§ Task statement
Repeat exactly the lines below that lie between the line with "JUN MEN ジュンメンの" and the line with "Doppelkarte mit Spruch", counting both of those lines as part of the answer.

§ Provided records
•••

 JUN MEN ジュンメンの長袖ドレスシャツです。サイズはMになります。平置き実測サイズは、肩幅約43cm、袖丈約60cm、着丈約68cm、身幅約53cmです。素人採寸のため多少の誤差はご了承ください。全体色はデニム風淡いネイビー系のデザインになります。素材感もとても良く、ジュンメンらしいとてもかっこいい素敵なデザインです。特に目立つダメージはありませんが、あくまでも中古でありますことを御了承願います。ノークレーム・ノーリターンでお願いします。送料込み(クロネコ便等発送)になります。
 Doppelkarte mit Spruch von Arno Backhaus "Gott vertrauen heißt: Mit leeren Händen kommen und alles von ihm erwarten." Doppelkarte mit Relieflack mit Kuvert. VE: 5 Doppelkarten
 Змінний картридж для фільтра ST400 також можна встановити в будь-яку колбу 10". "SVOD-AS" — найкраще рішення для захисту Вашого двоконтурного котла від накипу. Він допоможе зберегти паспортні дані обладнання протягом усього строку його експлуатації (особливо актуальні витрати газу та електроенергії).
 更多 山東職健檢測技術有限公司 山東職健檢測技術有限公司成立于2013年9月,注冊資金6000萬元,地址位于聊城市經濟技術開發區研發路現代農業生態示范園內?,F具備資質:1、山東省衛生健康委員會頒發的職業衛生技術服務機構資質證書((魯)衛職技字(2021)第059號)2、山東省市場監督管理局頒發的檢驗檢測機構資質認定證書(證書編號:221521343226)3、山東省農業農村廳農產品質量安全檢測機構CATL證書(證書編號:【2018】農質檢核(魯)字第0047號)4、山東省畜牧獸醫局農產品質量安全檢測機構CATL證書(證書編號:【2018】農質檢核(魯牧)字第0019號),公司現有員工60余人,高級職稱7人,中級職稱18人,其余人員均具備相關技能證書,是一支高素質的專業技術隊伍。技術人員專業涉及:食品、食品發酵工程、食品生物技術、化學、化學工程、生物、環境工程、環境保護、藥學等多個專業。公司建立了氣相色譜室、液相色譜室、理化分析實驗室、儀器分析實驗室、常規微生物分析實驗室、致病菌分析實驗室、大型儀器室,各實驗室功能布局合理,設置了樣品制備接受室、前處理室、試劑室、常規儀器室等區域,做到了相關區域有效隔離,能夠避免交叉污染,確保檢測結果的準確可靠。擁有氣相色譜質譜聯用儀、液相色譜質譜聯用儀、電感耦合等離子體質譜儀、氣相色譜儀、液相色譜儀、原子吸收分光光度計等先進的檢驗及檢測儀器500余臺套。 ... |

•••

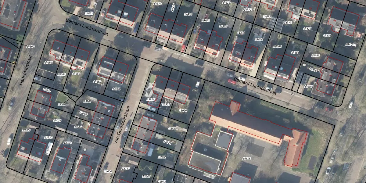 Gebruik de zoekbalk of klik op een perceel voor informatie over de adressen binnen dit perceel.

•••

§ Solution
 JUN MEN ジュンメンの長袖ドレスシャツです。サイズはMになります。平置き実測サイズは、肩幅約43cm、袖丈約60cm、着丈約68cm、身幅約53cmです。素人採寸のため多少の誤差はご了承ください。全体色はデニム風淡いネイビー系のデザインになります。素材感もとても良く、ジュンメンらしいとてもかっこいい素敵なデザインです。特に目立つダメージはありませんが、あくまでも中古でありますことを御了承願います。ノークレーム・ノーリターンでお願いします。送料込み(クロネコ便等発送)になります。
 Doppelkarte mit Spruch von Arno Backhaus "Gott vertrauen heißt: Mit leeren Händen kommen und alles von ihm erwarten." Doppelkarte mit Relieflack mit Kuvert. VE: 5 Doppelkarten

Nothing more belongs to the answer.